As I walked home shame started to surface. I made it into my door and I just let all the emotions out. I cried so hard asking God to forgive me for denying his love and provision and for rejecting someone's kindness . I thought to myself, this act from this man could very well have been him yielding in obedience, and I took that from him. Then I heard God say,"remember what you asked of me yesterday?" And it hit me like a ton of bricks. During this fast a lot of detours have popped up in regards to my finances . And just recently I went to check my account for my tax money and noticed some how two large amounts were deducted with my debit card and has been taken from my account. My power of attorney and myself are the only ones with access to my account. We were at a loss as to what happened. So this left me in the negative by a lot. I have not worried at all during my time here about money. I have grown frustrated but never worried. See, I do 100% , trust in my God to provide my every need for the rest of my life. And just to add, when I checked my account today, those unknown charges vanished and my money was back in the account. No, I am not kidding and Yes, I am believing God just fixed it all on his own.  Which brings me back to yesterday.

I have been fasting for 40 days and I am hungry. My body has been craving some fresh fruit and veggies. As I looked in my fridge looking for those very things , I realized, "oh yeah I don't have anything in here." So I stood with the door open looking at a completely empty fridge and laughed out loud and said," God I would really love some fresh veggies and fruit right now, please provide a way for this." I more less said it as like a wish not a prayer. Then I thought again to myself , well I can wait a few more days then my tax money should be in the account. And there it was.

I stood in awe today as I was beating myself senseless for my stupidity and said , "OH My God! You have given me the very thing I had asked for. Right there in front of my face and in my hands was the answer to a prayer that I didn't really take seriously . As I decided to throw in a few more punches at myself, I suddenly became calm and the tears stopped and then I just took one deep breath and I said out loud, " God , Thank you for answering me, and for giving me the very thing I had asked for. Thank you for the kindness of my brother who you asked to bless me. I then picked myself up and just let it all rest in the very fact that today, of all days God has given proof of his promises, of his love, in such a way that has impacted my life profoundly.

And finally, just because our GOD is just so cool and so loving he wanted to show me one more last thing to bless me before he commanded night to fall.

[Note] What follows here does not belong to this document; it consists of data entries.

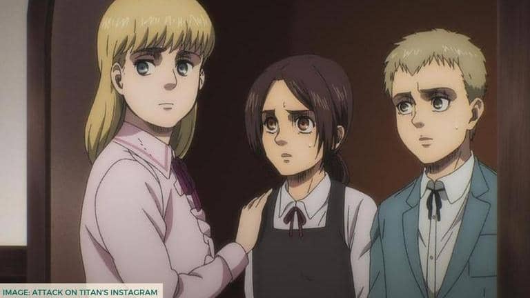 But it is still hard to say if this alleged leak is real or not. The alleged leak showcases two characters from the series walking towards a tomb with their baby. The faces of both the characters and the baby are not shown. Moreover, it seems like the three are walking towards Eren’s tomb present under a tree. Take a look at this tweet below.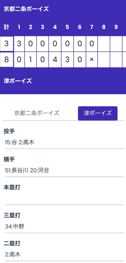 1回戦 京都二条ボーイズ VS 津ボーイズ 3-8◯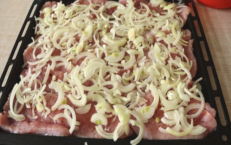 Tālāk seko sīpoli. Esmu pamanījis, ka šeit strādā likums – jo vairāk sīpolu, jo labāk. Tieši sīpols ir tas, kurš cepoties atdod gaļai visu savu saldumu un neļauj tai kļūt sausai. Sagriežu tos pusgredzenos un dāsni pārberu pāri filejai.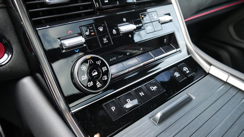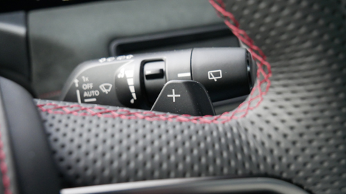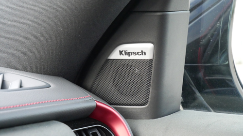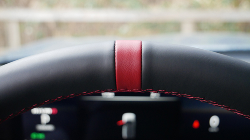 We also find red piping on the dash and front centre armrest as well as stitching on the steering wheel hub and the rim gets a red centering band, matched by anodized red inserts ‘round the vents and on the start/stop button. It’s a darn good take.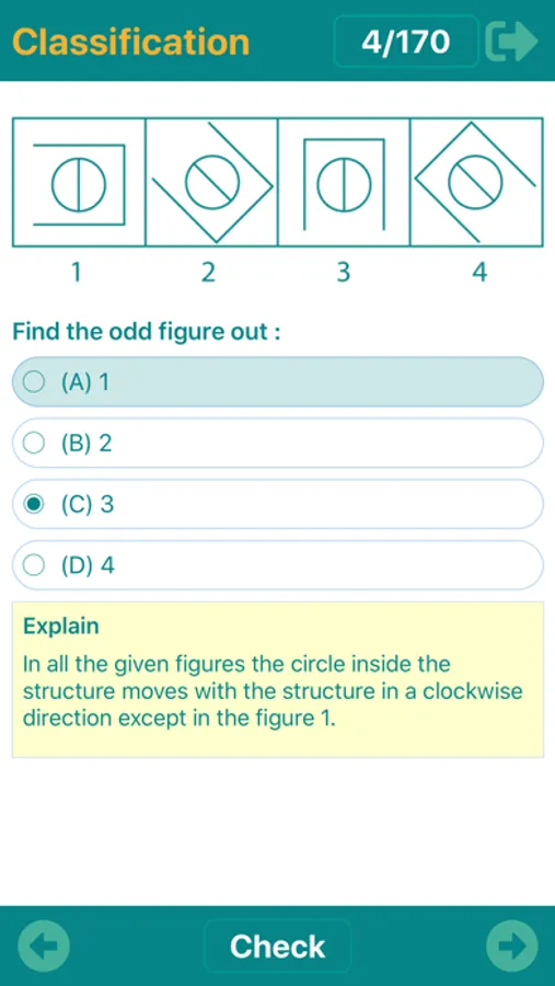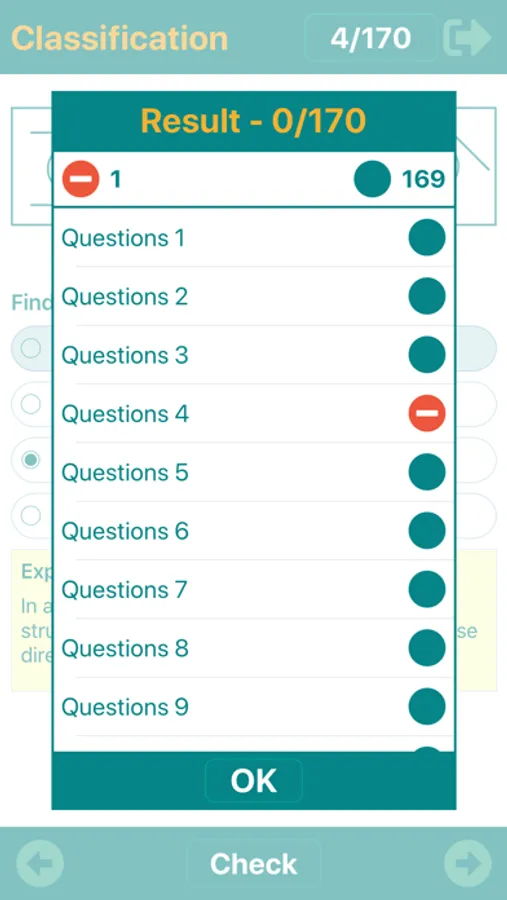 3. You can easily check your answer, result and explain for each question in the practice mode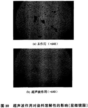 图1O可以清楚地显示出超声波振荡前后染料的溶解情况:振荡前,染料颗粒局部呈现聚集状态,溶解不够充分,粒度也较大;通过超声波的分散和扩散作用,将聚集的染料颗粒击碎,使其粒径变小,对溶解性较低的染料,可明显地提高溶解度,对溶解性较高的染料,达到更好的溶解,振荡后,超声波利用其分散增溶的作用使各种染料的溶解度有了相应的提高。染料溶解度的提高,对于染料更好地上染是有利的,提高了染料的利用率。

I walked home in the rain after Easter dinner at the Steels house. Refreshed but chilled, I went in and changed my clothes then noticed that the sun started to shine and the sky was clearing. I took Tesla outside and as I turned the corner I noticed a very large RAINBOW, fully rich in it's colors, bowing over the hilltops of Hlinsko. I stood and stared at it in amazement and then I heard a whisper, " My Promises". The very symbol of God's promises rested on the entire city of Hlinsko and my
Heart. It is a great day to be alive and an even more greater day because Jesus, My Lord and Savior, My Redeemer, My Provider, My Everything; IS ALIVE and he lives in me. What more could a girl ask for.


 As Always, from the depths of my heart, I give you, all my love.